The 71st Annual Tony Awards were held on June 11, 2017, to recognize achievement in Broadway productions during the 2016–17 season. The ceremony was held at Radio City Music Hall in New York City, and was broadcast live by CBS. Kevin Spacey served as host.

The musical Natasha, Pierre & The Great Comet of 1812 led the nominations with 12, while the play with the most nominations was A Doll's House, Part 2, with eight. At the ceremony, Dear Evan Hansen won six awards, including Best Musical, becoming the production with the most wins of the season. 23-year-old Ben Platt, who played the title character, became the youngest solo winner for Best Actor in a Leading Role in a Musical. 21-year-old Eva Noblezada received her first nomination for Best Actress in a Leading Role in a Musical for her Broadway debut as Kim in Miss Saigon, becoming one of the youngest nominees in Best Actress in a Musical category. The Bette Midler-led revival of Hello, Dolly! won four awards, and The Great Comet won two. The productions of plays Indecent, The Little Foxes, and Oslo each won two awards.

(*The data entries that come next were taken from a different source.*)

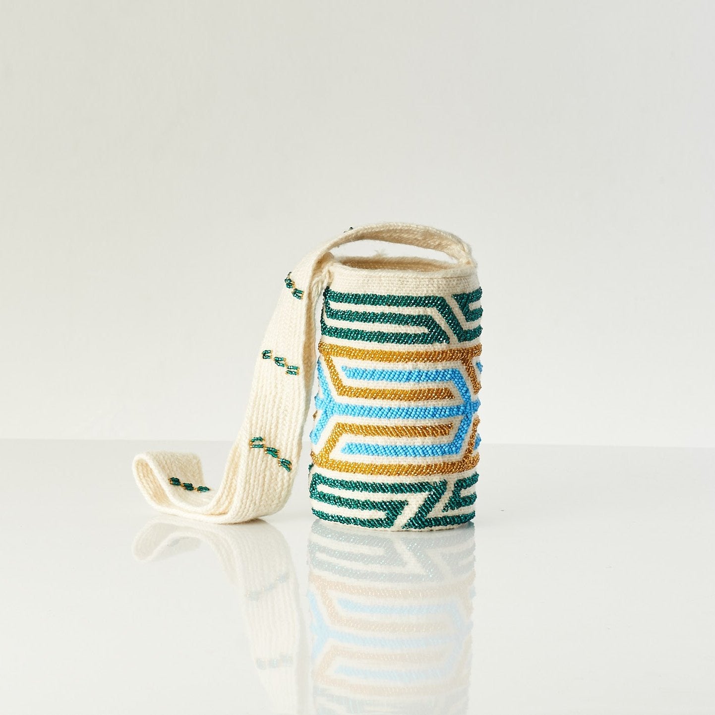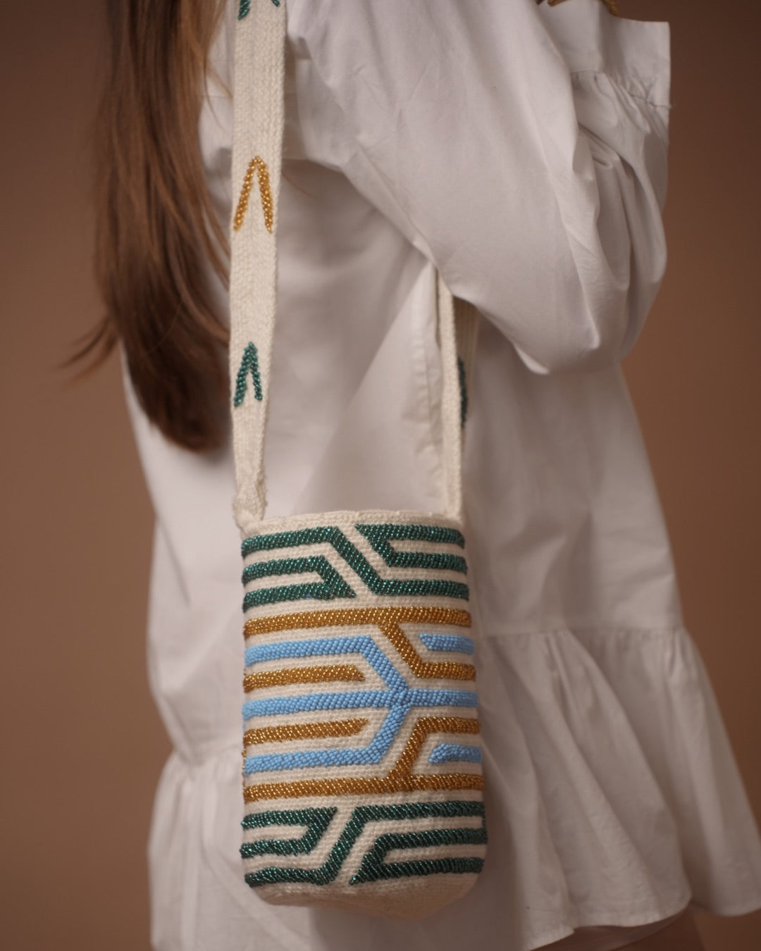 Las mochilas Arhuacas son un símbolo ancestral de la riqueza cultural de las comunidades indígenas que habitan la Sierra Nevada de Santa Marta, en Colombia. Tejidas a mano por artesanas indígenas, estas piezas están elaboradas con lana de alpaca local y adornadas con mostacillas checas que añaden un toque de brillo y color duradero.
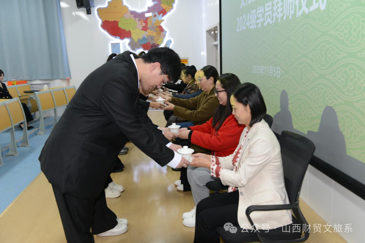2025年11月5日,文化旅游系举行“工作室2024级学员拜师仪式”。文化旅游系党总支书记马娟、系主任王雪娟,企业导师李瑛、李文燕、宋杰应邀出席,文化旅游系专兼职教师及工作室学员参加了此次活动。
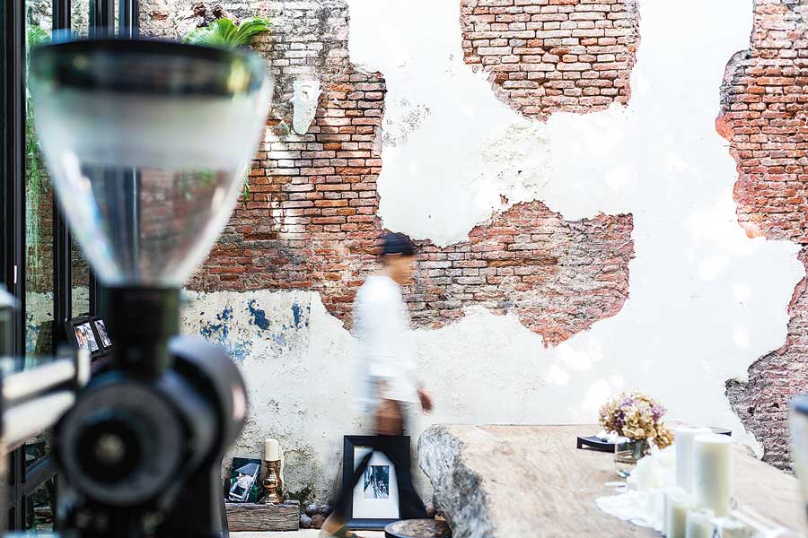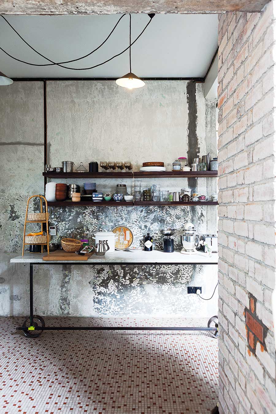 ทำให้ผนังอิฐยังคงดูคล้ายผนังอิฐเดิมๆในบางส่วน มีความวินเทจแต่ก็ไม่ดิบจนเกินไปโดยการลบสีออกแบบก้อนต่อก้อน

The ceremony received mixed reviews, with many criticizing the performance of Spacey as host. Due to the sexual misconduct allegations against Spacey, the producers announced that it would not be submitted for the 70th Primetime Emmy Awards. However, the show did receive a nomination for Outstanding Lighting Design / Lighting Direction for a Variety Special.

Eligibility
Shows that opened on Broadway during the 2016–2017 season before April 27, 2017, were eligible for consideration.

Original plays
A Doll's House, Part 2
The Encounter
Heisenberg
Indecent
Oh, Hello
Oslo
The Play That Goes Wrong
The Present
Significant Other
Sweat

Original musicals
Amélie
Anastasia
Bandstand
A Bronx Tale
Charlie and the Chocolate Factory
Come from Away
Dear Evan Hansen
Groundhog Day
Holiday Inn
In Transit
Natasha, Pierre & The Great Comet of 1812
Paramour
War Paint

Play revivals
The Cherry Orchard
The Front Page
The Glass Menagerie
Jitney
Les Liaisons Dangereuses
The Little Foxes
Present Laughter
The Price
Six Degrees of Separation

Musical revivals
Cats
Falsettos
Hello, Dolly!
Miss Saigon
Sunset Boulevard

Notes
 Though the revival of Sunday in the Park with George would be technically eligible for the year's Tony Awards season, its producers elected to withdraw the show in advance from Tony consideration.

Awards events

Nominations
The Tony Award nominations were announced on May 2, 2017, by Jane Krakowski and Christopher Jackson.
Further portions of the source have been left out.